** Data provided follows **

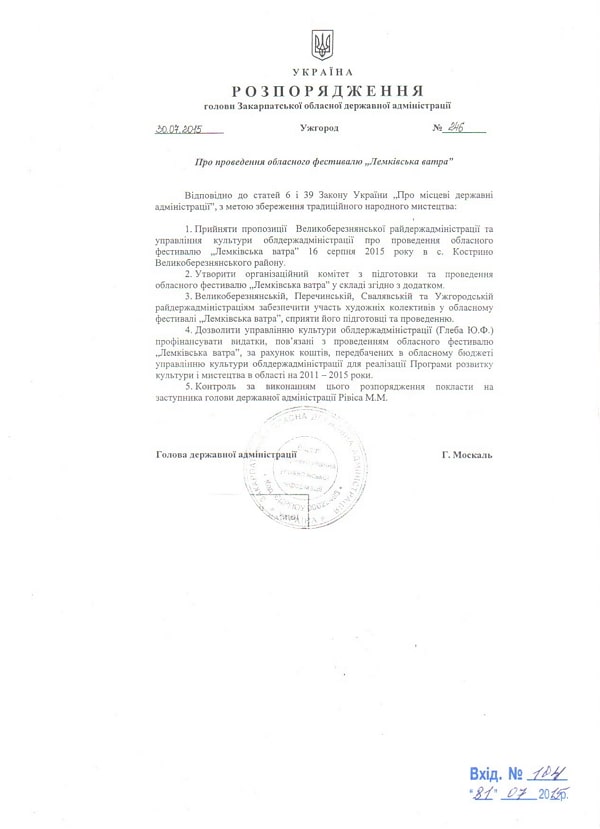 Закарпатська "Ватра" Ivanna Skliarova 03 серпня 2015 Перегляди: 449 Розпорядження голови Закарпатської ОДА Про проведення обласного фестивалю "Лемківська ватра". Facebook Twitter
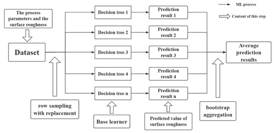 As mentioned above, the RF regression is an algorithm based on bootstrap aggregation (bagging). Multiple decision trees are predicted in parallel, and the average predicted value of all decision trees is ultimately given [28]. The operation principle is also shown in Figure 2.
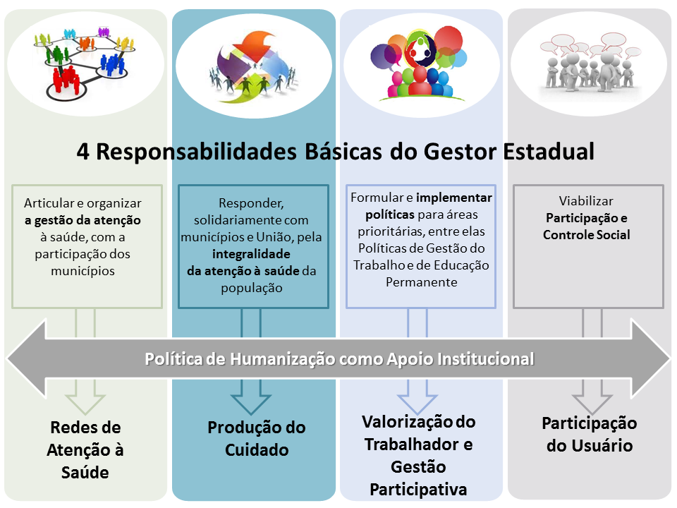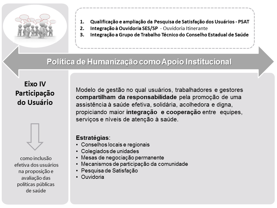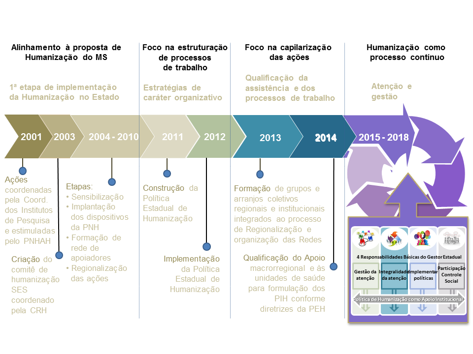 A partir de 2003, ano de criação da Política Nacional de Humanização - PNH e de sua implementação nos vários estados da federação, a Secretaria de Saúde do Estado de São Paulo dá início a um novo percurso de trabalho em humanização que percorre quatro etapas interdependentes: sensibilização de gestores e trabalhadores para a questão da humanização; formação de profissionais da saúde para conhecimento conceitual e metodológico de implementação das diretrizes e os dispositivos específicos da PNH; constituição da rede de apoiadores em humanização por meio da realização de curso de Formação de Apoiadores da Política de Humanização em parceria com o Ministério da Saúde e o Departamento de Medicina Preventiva da Universidade de São Paulo; e produção de movimento de capilarização e regionalização das ações de humanização.
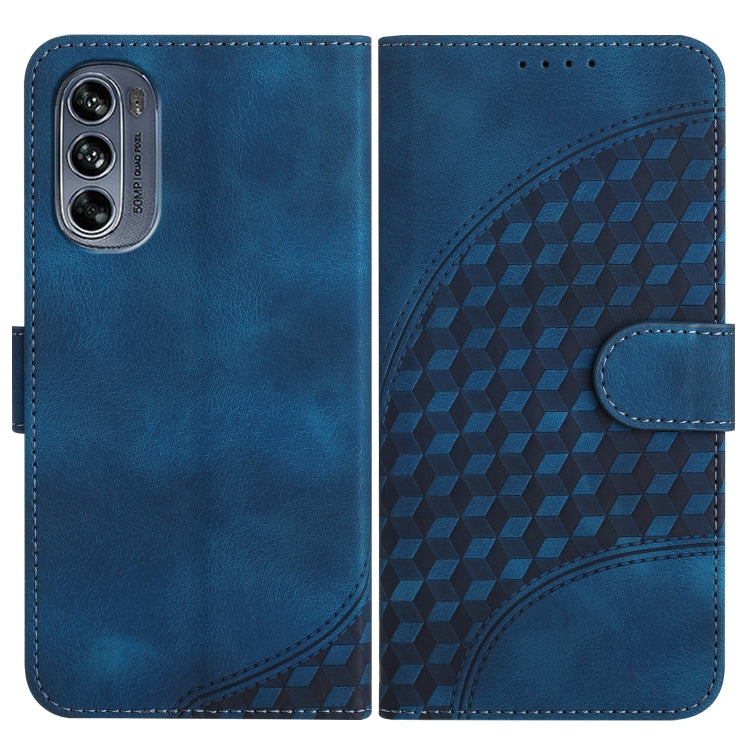 Funda de Cuero Motorola Moto G62 5G Yx0060 con Relieve y Cabeza de Elefante con Cordón (Azul Real)
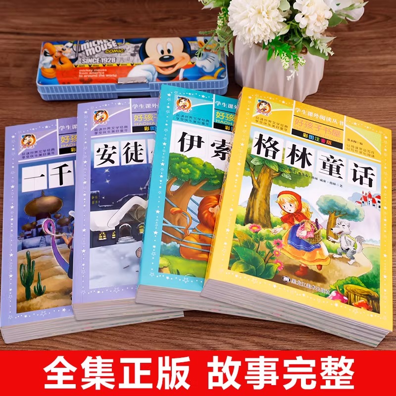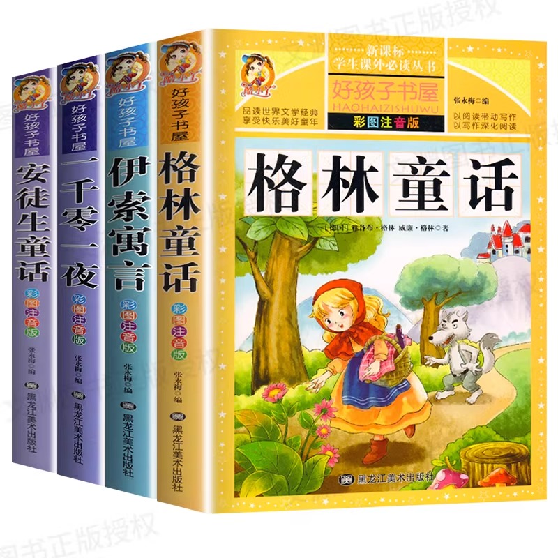 8岁儿童五千年阅读课外宋词经典 一年级二年级必读带拼音6 伊索寓言一千零一夜正版 全套4册童话故事书格林童话安徒生全集彩图注音版
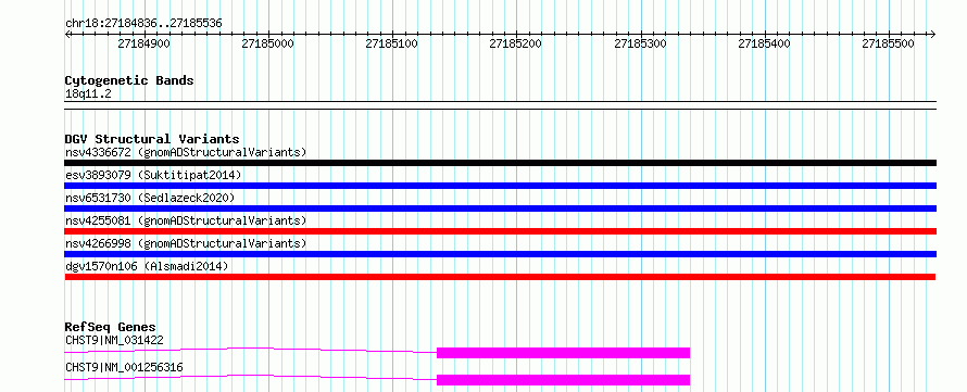 | | Variant Type | CNV deletion | | Copy Number | | | Allele State | | | Allele Origin | | | Probe Count | | | Validation Flag | | | Merged Status | M | | Merged Variants | | | Supporting Variants | nsv1121948, nsv1126479 | | Samples | KWS2, KWS1 | | Known Genes | CHST9 | | Method | Sequencing | | Analysis | HugeSeq | | Platform | Illumina HiSeq 2000 | | Comments | | | Reference | Alsmadi_et_al_2014 | | Pubmed ID | 24896259 | | Accession Number(s) | dgv1570n106
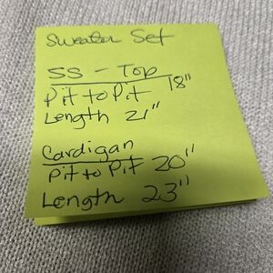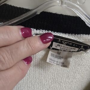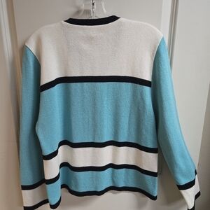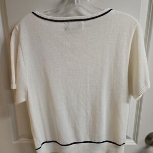 Sweater set, white shorts sleeve top with black ring on neck. Cardigan is white, black and aqua blue, button up.
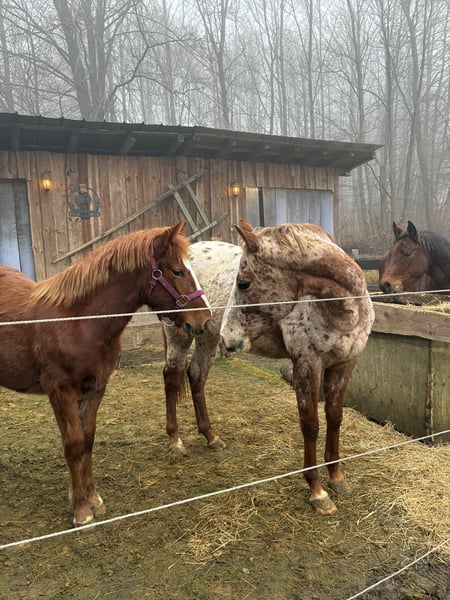 Zu verkaufen ist dieses wunderschöne Stutfohlen Sie ist am 30.04.2025 geboren und somit 9 Monate alt derzeit ist sie 1,35m ihre Eltern sind beide zwischen 1,50m und 1,55m. Bilder der Eltern habe ich vorliegen Sie ist sehr temperamentvoll und neugierig. Sobald man ihr Vertrauen gewonnen hat ist sie total verschmust dennoch braucht sie eine sichere und klare Hand weil sie auch einen kleinen Dickkopf hat. Dennoch hat sie viel potenzial und wird mal ein super tolles Pony womit man alles machen kann weil sie einfach total gerne Neues lernt Sie ist Halfterführig Kennt das putzen Hufe geben klappt vorne schon sehr gut hinten müsste man noch ein bisschen üben und dran bleiben dann hat sie es eigentlich total schnell drin und macht alles toll mit. Der erste Spaziergang wurde auch schon gemacht allerdings muss sie sich noch an Autos etc. gewöhnen aber ich glaube sie wird zu 100% ein Verlass Pferd welches mit einem durch dick und dünn geht und alles für seinen Besitzer/in gibt Sie geht auf den Hänger Sie war ebenfalls vor kurzem beim Hufschmied, ist frisch entwurmt und wurde geimpft. Ich wünsche mir für sie einen Offenstall oder eine Fohlenwiese sie wird in keine Boxenhaltung abgegeben! 1 neues Halfter mit strick und ihr Futter wird mitgegeben bei Bedarf Der Grund weswegen ich sie abgebe ist einfach das unser Charakter nicht zu 100% zusammenpasst und ich möchte das sie jemanden findet der ihr alles gibt was sie verdient KEINE Händler etc. Eine aku ist jederzeit möglich natürlich mit dem eigenen Tierarzt Platz vor Preis! Ich möchte für sie ein 5* zuhause deswegen kann man jederzeit über den Preis sprechen solange sie ein gutes Zuhause bekommt Bei fragen gerne melden ich beantworte gerne alles und auch ehrlich ! Ein vorbeikommen und anschauen ist jederzeit möglich um sie kennenzulernen
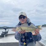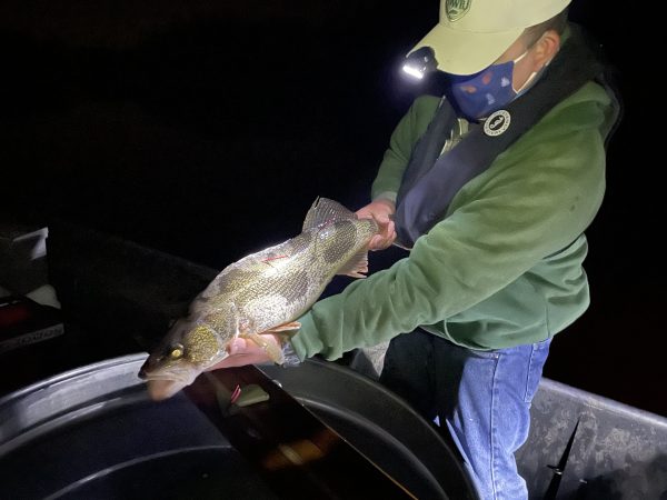 Scott Herrmann, biólogo pesquero del DWR, con un 7.2 libras que Saugeye encontró durante una inspección de pesca eléctrica el 9de marzo de 2021 en el embalse de Little Creek.
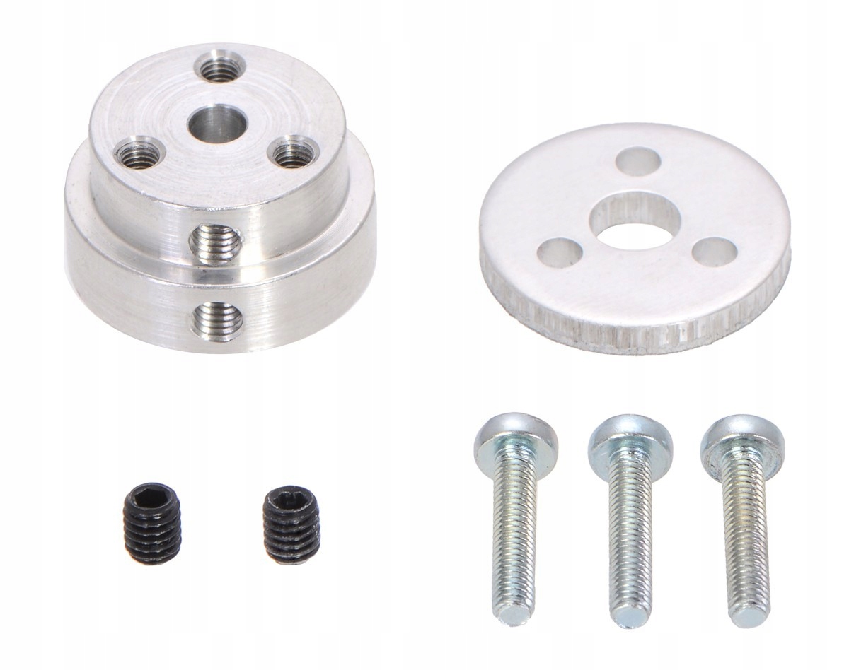 Алюминиевый адаптер предназначен для передачи мощности от моторов с валом 4 мм на колеса самоката/скейта. Он состоит из двух частей – элемента, установленного на двигателе, и элемента, установленного на колесе. Элемент, закрепленный на колесе, имеет центральное отверстие, благодаря которому через него может проходить вал навесного двигателя. При сборке обратите внимание на правильный порядок установки элементов: сначала установите элемент, установленный на двигатель, и затяните прижимные винты, затем установите второй элемент на колесо.
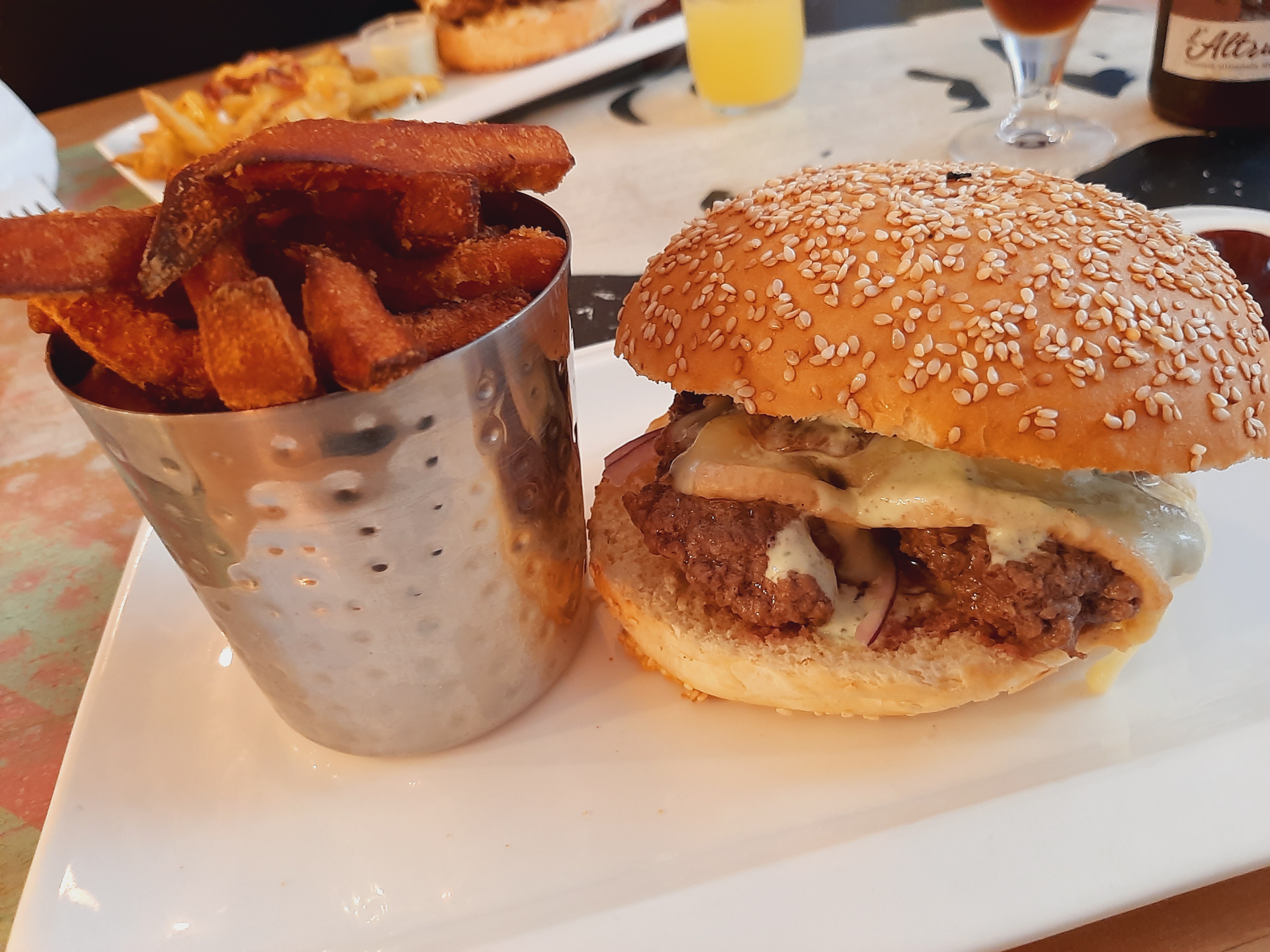 Burger et frites de patates douces excellent Je recommande fortement !
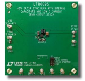 The Power by Linear™ LT®8650S, LT8609S, and LT8645S have much higher output current capabilities than typical monolithic regulators due to high efficiency and thermal management features. Input voltage ranges from 3V to 42V (65V for the LT8645S) cover the spectrum of automotive battery conditions. These monolithic ICs have integrated MOSFETs and can run at greater than 2MHz, resulting in reduced solution size and cost while avoiding the AM band. Silent Switcher regulators are designed to minimize EMI, making them a popular
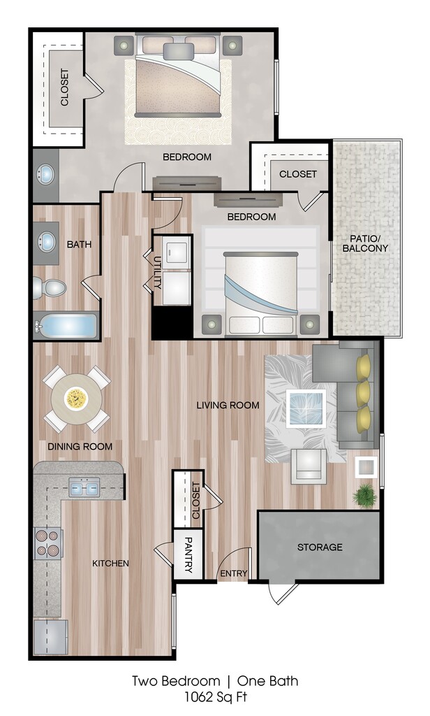 Modelo de apartamento: B1Desde $1,1262 Dormitorios, 1 Baño, 1062 sq ftDisponible November 28, 2025![]()
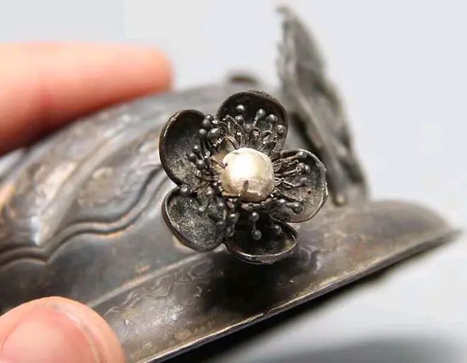 【描述】 海外回流 明代 银质花卉纹束发冠,一边发簪缺失珍珠,品相如图。

** End of Data provided **

* What the exercise asks: Restate the records above exactly, less any pictures.

* Output of the task:
 Закарпатська "Ватра" Ivanna Skliarova 03 серпня 2015 Перегляди: 449 Розпорядження голови Закарпатської ОДА Про проведення обласного фестивалю "Лемківська ватра". Facebook Twitter
 As mentioned above, the RF regression is an algorithm based on bootstrap aggregation (bagging). Multiple decision trees are predicted in parallel, and the average predicted value of all decision trees is ultimately given [28]. The operation principle is also shown in Figure 2.
 A partir de 2003, ano de criação da Política Nacional de Humanização - PNH e de sua implementação nos vários estados da federação, a Secretaria de Saúde do Estado de São Paulo dá início a um novo percurso de trabalho em humanização que percorre quatro etapas interdependentes: sensibilização de gestores e trabalhadores para a questão da humanização; formação de profissionais da saúde para conhecimento conceitual e metodológico de implementação das diretrizes e os dispositivos específicos da PNH; constituição da rede de apoiadores em humanização por meio da realização de curso de Formação de Apoiadores da Política de Humanização em parceria com o Ministério da Saúde e o Departamento de Medicina Preventiva da Universidade de São Paulo; e produção de movimento de capilarização e regionalização das ações de humanização.
 Funda de Cuero Motorola Moto G62 5G Yx0060 con Relieve y Cabeza de Elefante con Cordón (Azul Real)
 8岁儿童五千年阅读课外宋词经典 一年级二年级必读带拼音6 伊索寓言一千零一夜正版 全套4册童话故事书格林童话安徒生全集彩图注音版
 | | Variant Type | CNV deletion | | Copy Number | | | Allele State | | | Allele Origin | | | Probe Count | | | Validation Flag | | | Merged Status | M | | Merged Variants | | | Supporting Variants | nsv1121948, nsv1126479 | | Samples | KWS2, KWS1 | | Known Genes | CHST9 | | Method | Sequencing | | Analysis | HugeSeq | | Platform | Illumina HiSeq 2000 | | Comments | | | Reference | Alsmadi_et_al_2014 | | Pubmed ID | 24896259 | | Accession Number(s) | dgv1570n106
 Sweater set, white shorts sleeve top with black ring on neck. Cardigan is white, black and aqua blue, button up.
 Zu verkaufen ist dieses wunderschöne Stutfohlen Sie ist am 30.04.2025 geboren und somit 9 Monate alt derzeit ist sie 1,35m ihre Eltern sind beide zwischen 1,50m und 1,55m. Bilder der Eltern habe ich vorliegen Sie ist sehr temperamentvoll und neugierig. Sobald man ihr Vertrauen gewonnen hat ist sie total verschmust dennoch braucht sie eine sichere und klare Hand weil sie auch einen kleinen Dickkopf hat. Dennoch hat sie viel potenzial und wird mal ein super tolles Pony womit man alles machen kann weil sie einfach total gerne Neues lernt Sie ist Halfterführig Kennt das putzen Hufe geben klappt vorne schon sehr gut hinten müsste man noch ein bisschen üben und dran bleiben dann hat sie es eigentlich total schnell drin und macht alles toll mit. Der erste Spaziergang wurde auch schon gemacht allerdings muss sie sich noch an Autos etc. gewöhnen aber ich glaube sie wird zu 100% ein Verlass Pferd welches mit einem durch dick und dünn geht und alles für seinen Besitzer/in gibt Sie geht auf den Hänger Sie war ebenfalls vor kurzem beim Hufschmied, ist frisch entwurmt und wurde geimpft. Ich wünsche mir für sie einen Offenstall oder eine Fohlenwiese sie wird in keine Boxenhaltung abgegeben! 1 neues Halfter mit strick und ihr Futter wird mitgegeben bei Bedarf Der Grund weswegen ich sie abgebe ist einfach das unser Charakter nicht zu 100% zusammenpasst und ich möchte das sie jemanden findet der ihr alles gibt was sie verdient KEINE Händler etc. Eine aku ist jederzeit möglich natürlich mit dem eigenen Tierarzt Platz vor Preis! Ich möchte für sie ein 5* zuhause deswegen kann man jederzeit über den Preis sprechen solange sie ein gutes Zuhause bekommt Bei fragen gerne melden ich beantworte gerne alles und auch ehrlich ! Ein vorbeikommen und anschauen ist jederzeit möglich um sie kennenzulernen
 Scott Herrmann, biólogo pesquero del DWR, con un 7.2 libras que Saugeye encontró durante una inspección de pesca eléctrica el 9de marzo de 2021 en el embalse de Little Creek.
 Алюминиевый адаптер предназначен для передачи мощности от моторов с валом 4 мм на колеса самоката/скейта. Он состоит из двух частей – элемента, установленного на двигателе, и элемента, установленного на колесе. Элемент, закрепленный на колесе, имеет центральное отверстие, благодаря которому через него может проходить вал навесного двигателя. При сборке обратите внимание на правильный порядок установки элементов: сначала установите элемент, установленный на двигатель, и затяните прижимные винты, затем установите второй элемент на колесо.
 Burger et frites de patates douces excellent Je recommande fortement !
 The Power by Linear™ LT®8650S, LT8609S, and LT8645S have much higher output current capabilities than typical monolithic regulators due to high efficiency and thermal management features. Input voltage ranges from 3V to 42V (65V for the LT8645S) cover the spectrum of automotive battery conditions. These monolithic ICs have integrated MOSFETs and can run at greater than 2MHz, resulting in reduced solution size and cost while avoiding the AM band. Silent Switcher regulators are designed to minimize EMI, making them a popular
 Modelo de apartamento: B1Desde $1,1262 Dormitorios, 1 Baño, 1062 sq ftDisponible November 28, 2025![]()
 【描述】 海外回流 明代 银质花卉纹束发冠,一边发簪缺失珍珠,品相如图。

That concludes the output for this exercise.